** Task details **
Look in the listing below for the line that has "Слайд 4Ключ к", then return it and each following line up to and including the one with "Boucle de ceinture", exactly and without pictures.

** Given data **
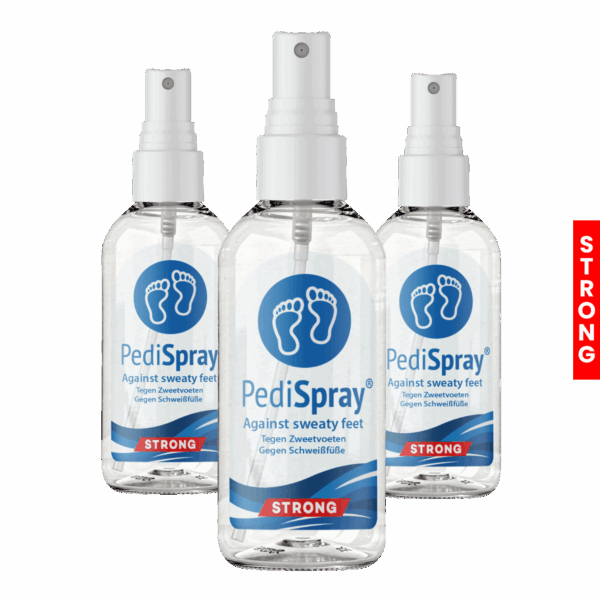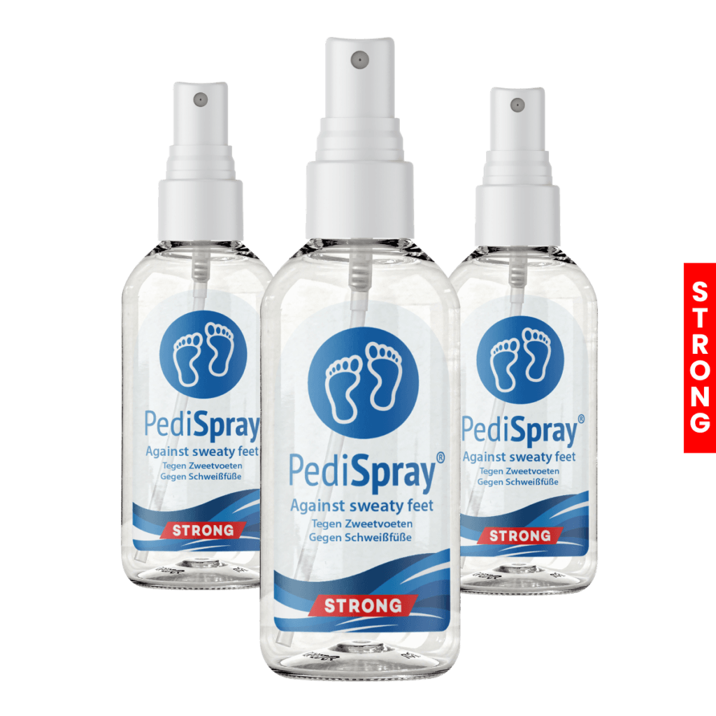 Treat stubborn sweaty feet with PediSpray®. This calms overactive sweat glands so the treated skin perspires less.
---
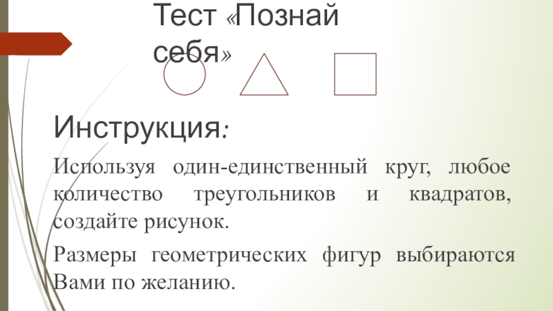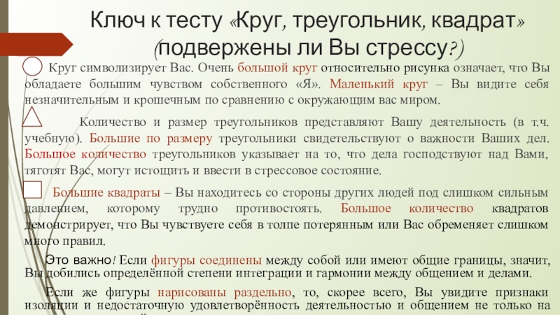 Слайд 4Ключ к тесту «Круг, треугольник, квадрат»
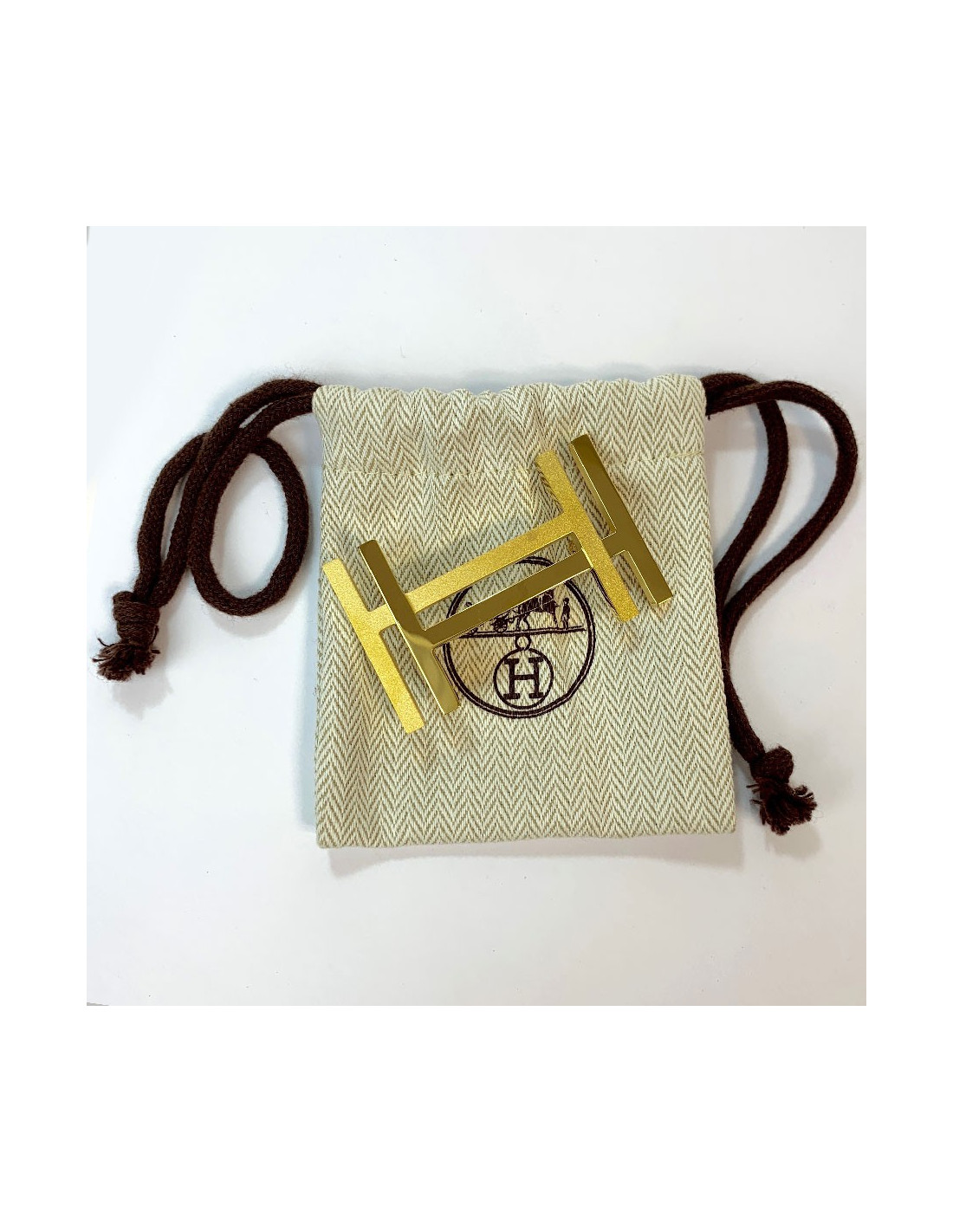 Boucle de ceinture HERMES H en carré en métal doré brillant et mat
---
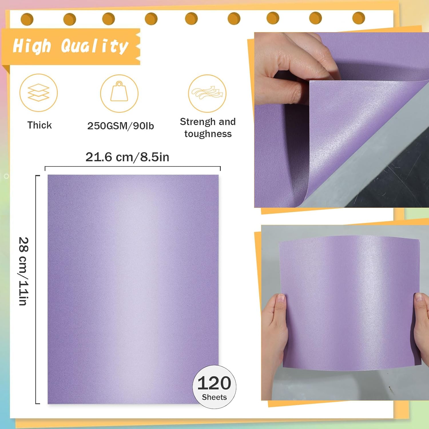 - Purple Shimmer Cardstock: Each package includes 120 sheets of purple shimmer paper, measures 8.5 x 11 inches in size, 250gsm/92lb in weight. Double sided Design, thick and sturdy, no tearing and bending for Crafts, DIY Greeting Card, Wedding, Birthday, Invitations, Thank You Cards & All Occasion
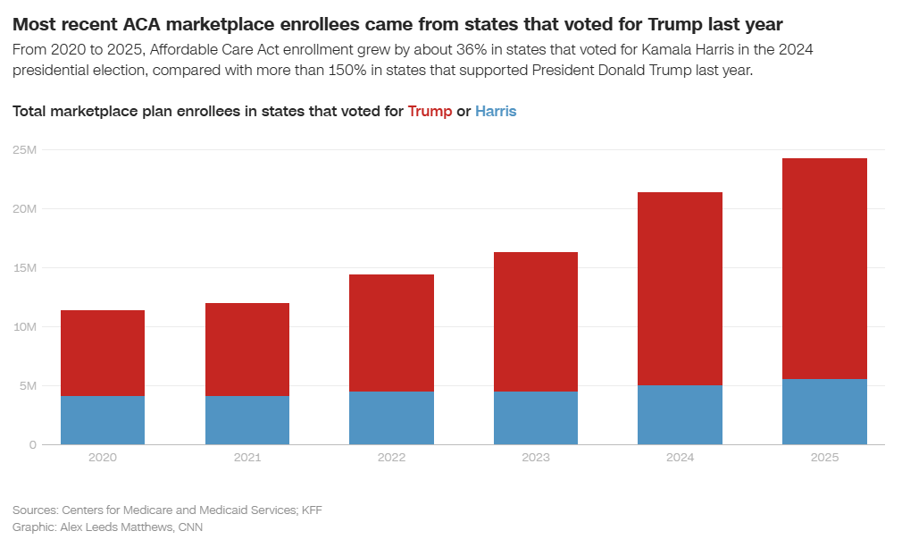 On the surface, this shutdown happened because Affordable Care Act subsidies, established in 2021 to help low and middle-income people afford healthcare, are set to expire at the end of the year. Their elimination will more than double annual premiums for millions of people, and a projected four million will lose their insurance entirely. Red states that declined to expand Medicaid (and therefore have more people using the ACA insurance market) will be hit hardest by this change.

** Result of this task **
 Слайд 4Ключ к тесту «Круг, треугольник, квадрат»
 Boucle de ceinture HERMES H en carré en métal doré brillant et mat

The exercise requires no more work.